Multi-Family Real Estate Forecast: 2014-2020

By Bill Conerly (Forbes Contributor)


Multi-family housing construction is doing surprisingly well recently. Over the long run, housing units in buildings with five or more housing units comprise about 25 percent of all housing units constructed. So far in 2014, the figure is 35 percent. Why is multi-family so popular now? Before reaching for a major change in attitudes about how we live, let’s consider other possibilities. Part of the story is demographics. Young adults are much more likely to live in apartments than are older adults. And the number of young adults (which I’m defining for this purpose as ages 20-34) is rising, as the children of the baby boomers come of age.
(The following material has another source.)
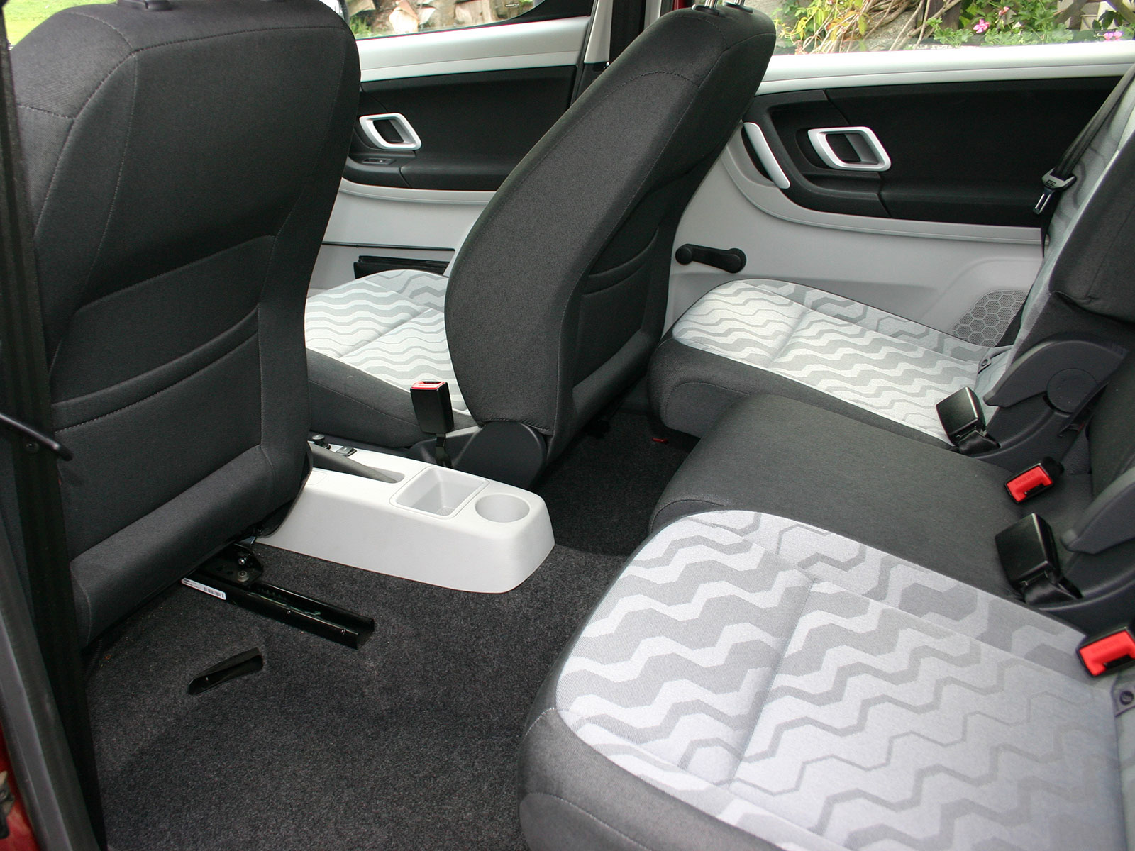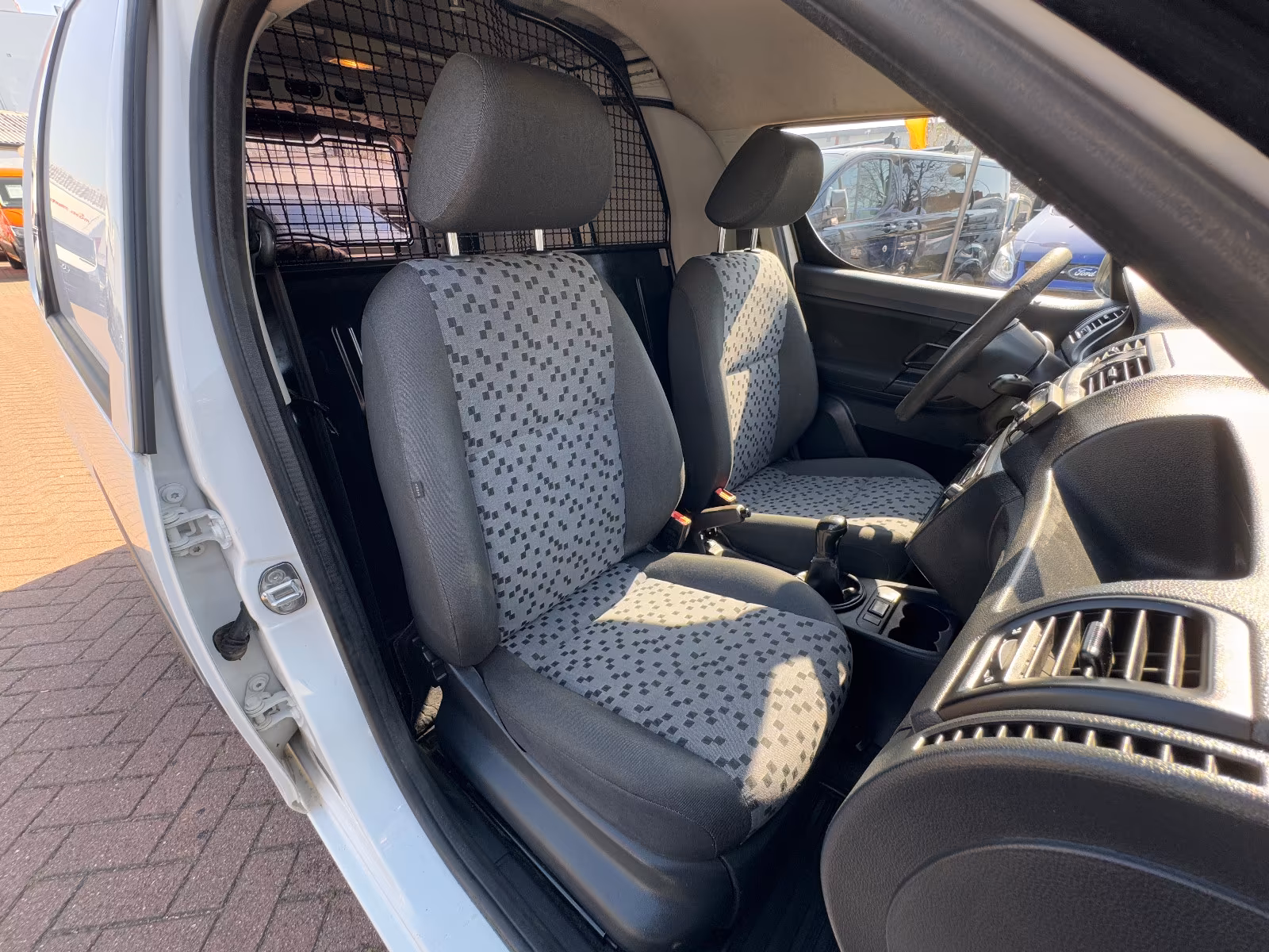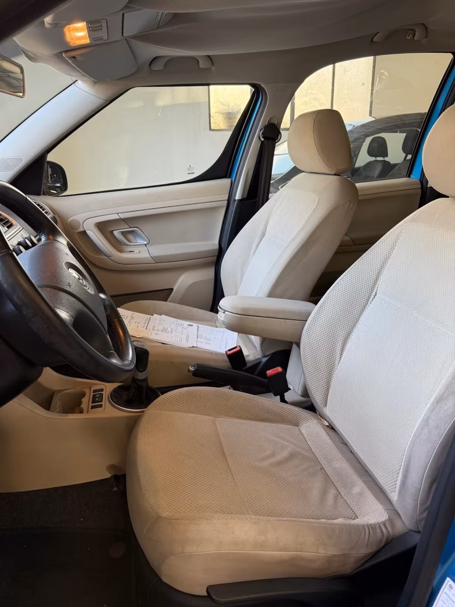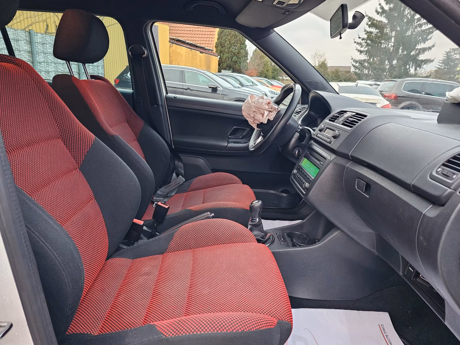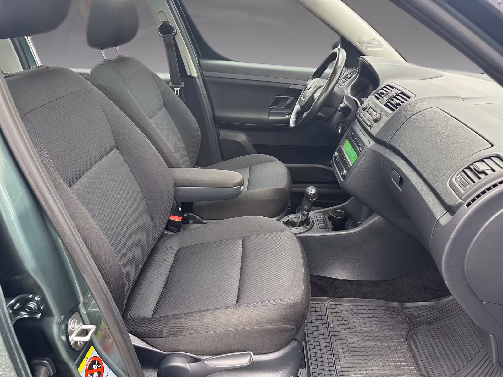 Vzor potahů je totožný se vzorem z jedničkové Fabie po faceliftu v úrovni Classic (tam se jmenoval Fresh). Byl v nabídce s plasty Onyx/Onyx nebo Onyx/Stříbrnošedá, ale do pracovního auta si světlou variantu asi nikdo nevybral.

This pattern can be seen in the older data. There were a good many multi-family units built around 1970 and again in the mid-1980s. Some of that second era’s development was encouraged by the Reagan tax laws, which favored real estate investments. The blue line in the chart shows the net increase in 20-34 year olds in the decade leading up to the data point. Demographics isn’t everything, but it appears to be something.
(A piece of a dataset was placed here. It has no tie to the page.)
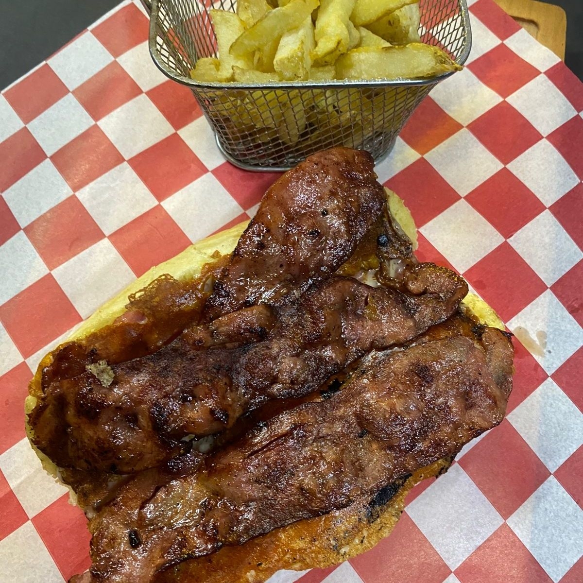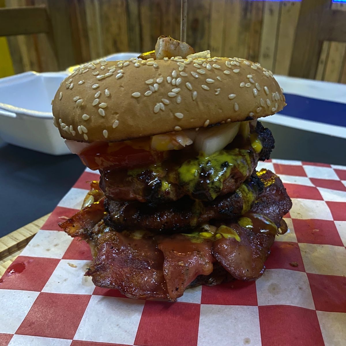 Carne 110 gr, Camaron, Pimiento Morron, Tocino Y Q. Asadero

It’s not too surprising to see more rentals, given that the real estate collapse of a few years ago devastated the idea that home ownership is a sure-fire, no-risk way to riches. However, I’m still a little surprised by the soaring multi-family construction, because there is a more vibrant rental alternative now: single family homes.

In my youth, the housing options were simple: a rental apartment with noisy neighbors, or owning a single-family home. With rising home prices of a decade ago, the condominium market surged. So now your multi-family options include not only renting an apartment, but owning a condo with noisy neighbors. On the single-family side, the recession led many owners of upside-down properties to start renting them out to those who had lost their owned homes. The rental market for single-family housing is probably stronger than it’s ever been. Young adults should weigh the advantages of ownership against the disadvantages. I pointed out in my article, “Should You Buy A House Or Rent? The Economics Of Homeownership” that people who are likely to move in the next few years are better off renting. That applies to many young adults. I pointed out that if they wanted to move out of an apartment, they could easily rent a house. However, the strength of the multi-family market suggests that most of them are renting apartments.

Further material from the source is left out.